コンサルの存在意義って?何に役立つのか

 最後に、コンサルタントが役に立つ理由を二つ紹介する。ポジショントークだと思ってもらって結構。筆者が思う、コンサルタントの存在意義を述べたい。

(1)フォロー役
 例えば、英語学習をしている人は、1日1時間でも学習を続けることが大事だと分かっている。しかし人間、コツコツ真面目に継続するのが最も難しい。つまり、英語学習の方法を知らないのではなく、続けられないのが問題なのだ。

 その話と同じで、天才的なコンサルタントを除けば、コンサルが提案する方向性や改善策は、内部の人が考えたものとさほど変わらない。もっと言ってしまえば、内部の人が考える施策のほうが実務を知っている分、優れているだろう。

 しかし、問題になるのは実行力だ。そこで、外部のコンサルを雇って、施策を実行するまでしつこくフォローしてもらう。さらに、コンサルとともにプロジェクトを組むと途中でやめられないし、強引にでも施策が進む。

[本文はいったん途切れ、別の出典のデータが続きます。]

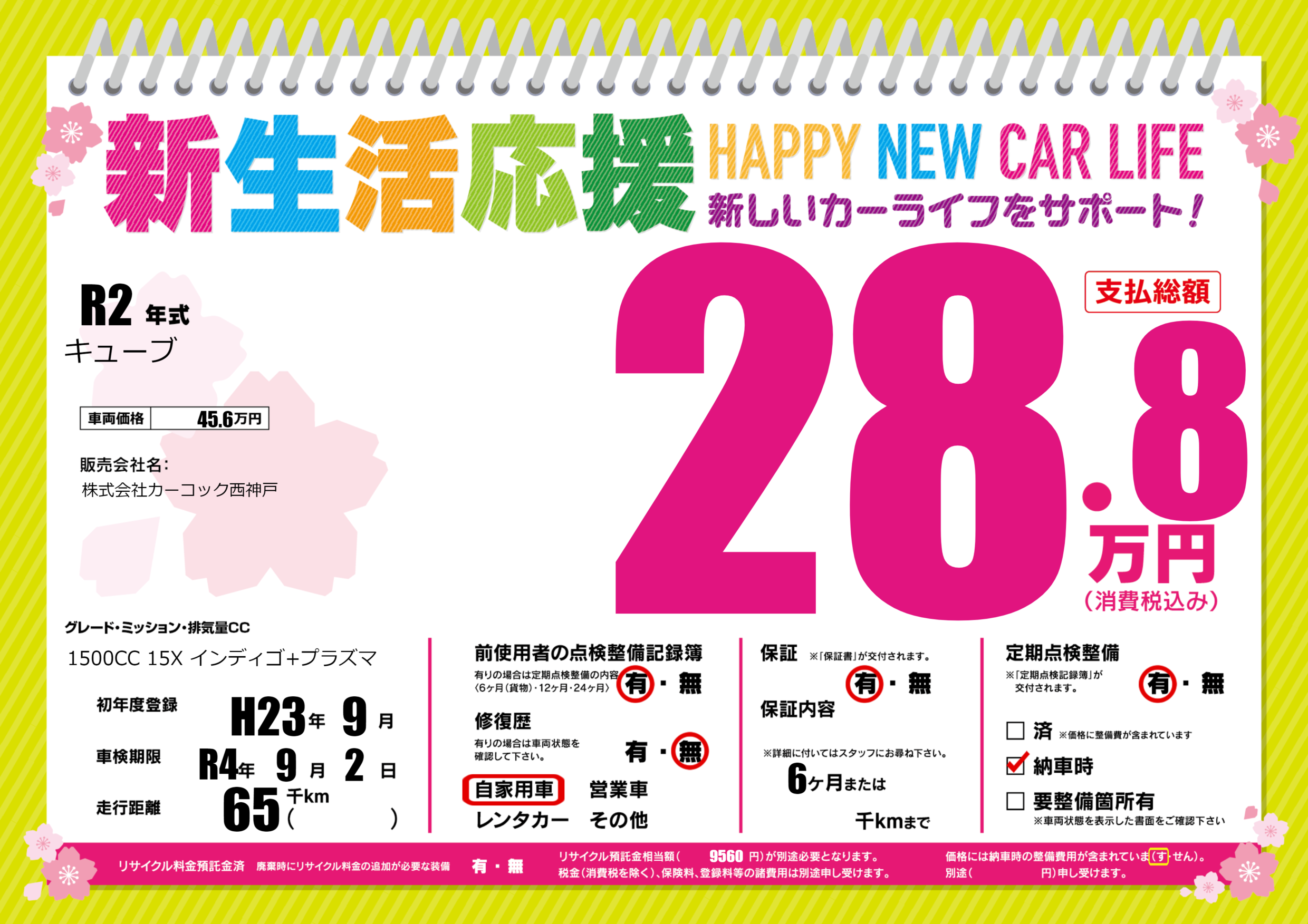 | 定期点検整備 | 定期点検整備あり 納車時あり | ||
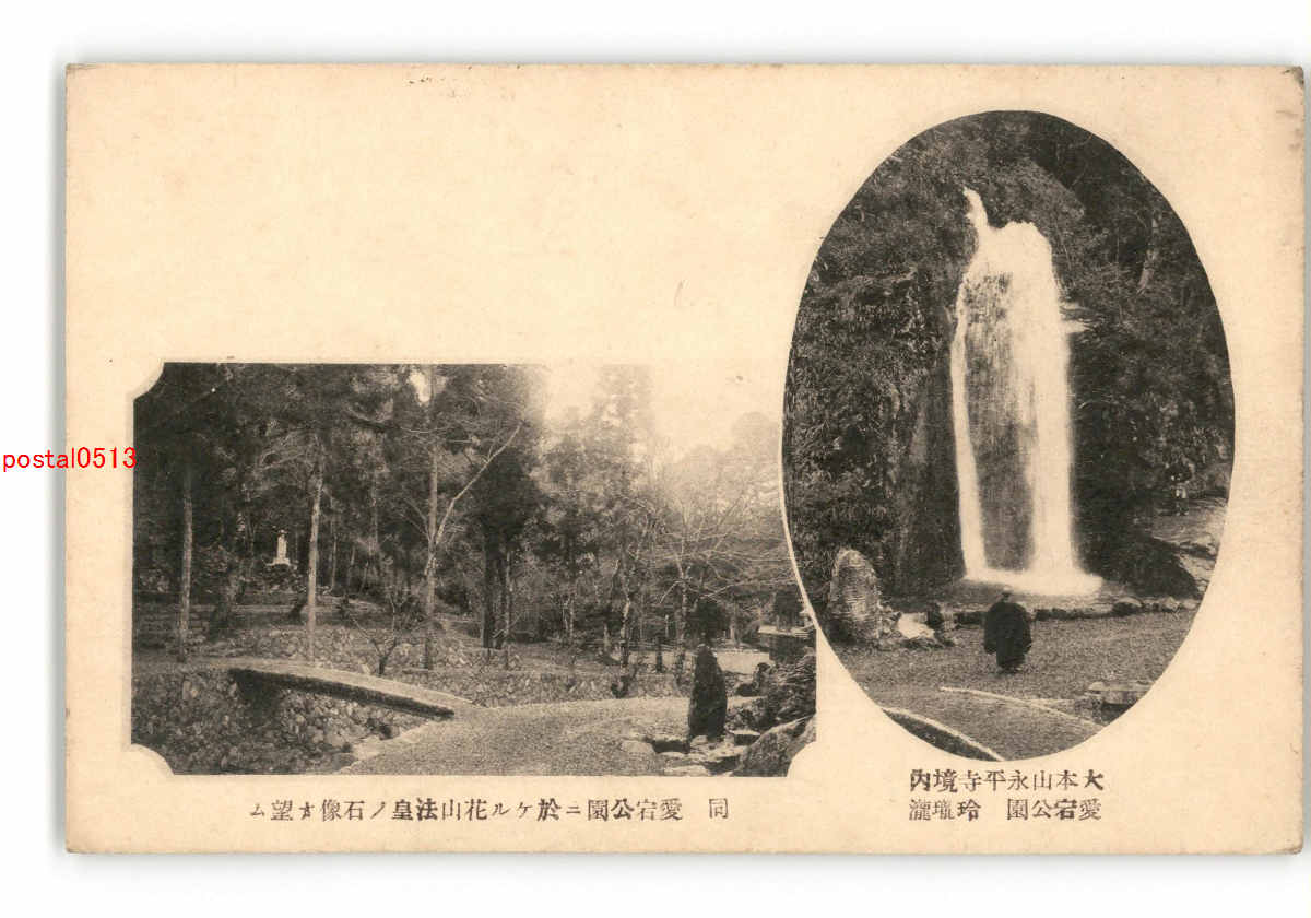 福井 大本山永平寺境内 愛宕公園 玲瓏瀧 同 愛宕公園に於ける花山法皇の石像を望む *傷み有り
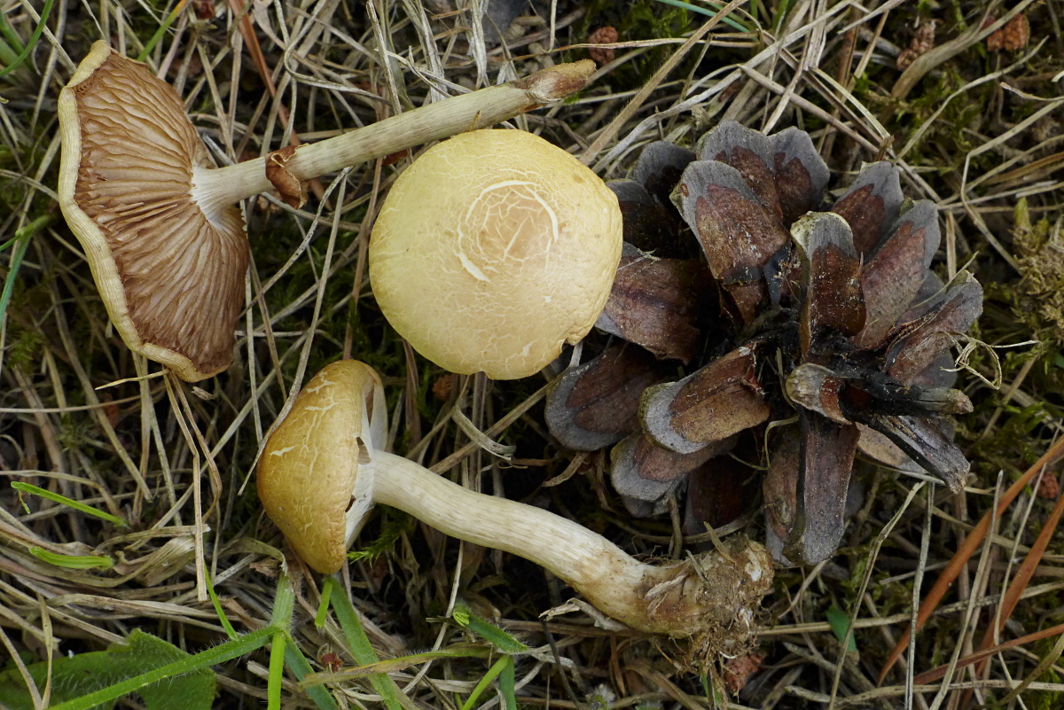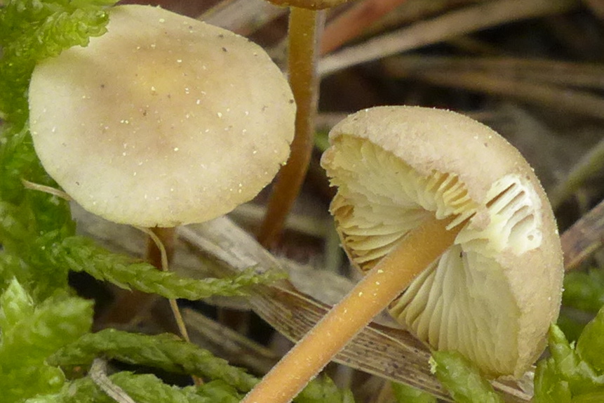 --> wegen der sehr hell erscheinenden Lamellen könnte/sollte es sich eher um Weißsporer handeln. Als Möglichkeiten sollte man Strobilurus (wg. der Kiefern) oder Marasmius in Betracht ziehen (leider habe ich keinen Sporenabdruck gemacht, allerdings waren die Pilze auch f..rztrocken.)

 あるいは、考えついた施策は同じでも、あえて「コンサルからの提案」とすることで内部を説得しやすくなる効果がある。コンサルを悪者にして進める、コンサルから社内の抵抗勢力を説得してもらう、などだ。

(2)専門知識
 内部の人間が想像もしなかったアイデア、専門的な知見を与えることもコンサルの存在意義だ。

 筆者は某企業の社長と週に1回、食事をしながら雑談するのが「コンサルティング」になっている仕事があった。最近の事件から社会風俗やゴシップ、そしてビジネスや専門領域であるサプライチェーンまで話題は多岐にわたる。するとその社長は「あんた、えらい色々と知っとんなあ」と返しながら、数十分に1回「ということは、ウチでいうと、こういうビジネスに応用できるな」とつぶやき、秘書にメモを取らせて「誰々に、これを検討させて」と命じている。

 なるほど、私は壁打ちの役回りなのだ。壁打ちの相手は、その社長がいつも付き合っている人間ではなく、なるべく遠い存在がいい。社長の本業は不動産だったが、私はサプライチェーン。全く違う分野の知識をありがたがってもらった。

 中小企業のよろず相談を担うコンサルがいる一方で、もっとストレートに専門知識が求められるケースもある。クライアントのニーズは細分化していて、コンサルタントも専門知識の積み上げに余念がない。税務、営業、生産、サービス、カスタマーサポートなどなど……。専門領域に関しては年月をかけてスキルを磨き続けている。

 はたまた、企業においてコンサルタントが執行役員の代わりを担っているケースもある。企業側は、コンサルのスキルを的確に聞き出し、自らのマニュアルに盛り込めば効率的だ。その意味で、クライアントもコンサルを適切に活用する態度が望まれる。

 最後に、コンサル倒産の話に戻ると、不要な事業者は自然に淘汰されるものだ。コンサルタントは役に立たないと誤解される風潮があるものの、結局は使いこなせばいいだけの話だ。筆者も、使い倒してもらえるようなコンサルでいたいと思う。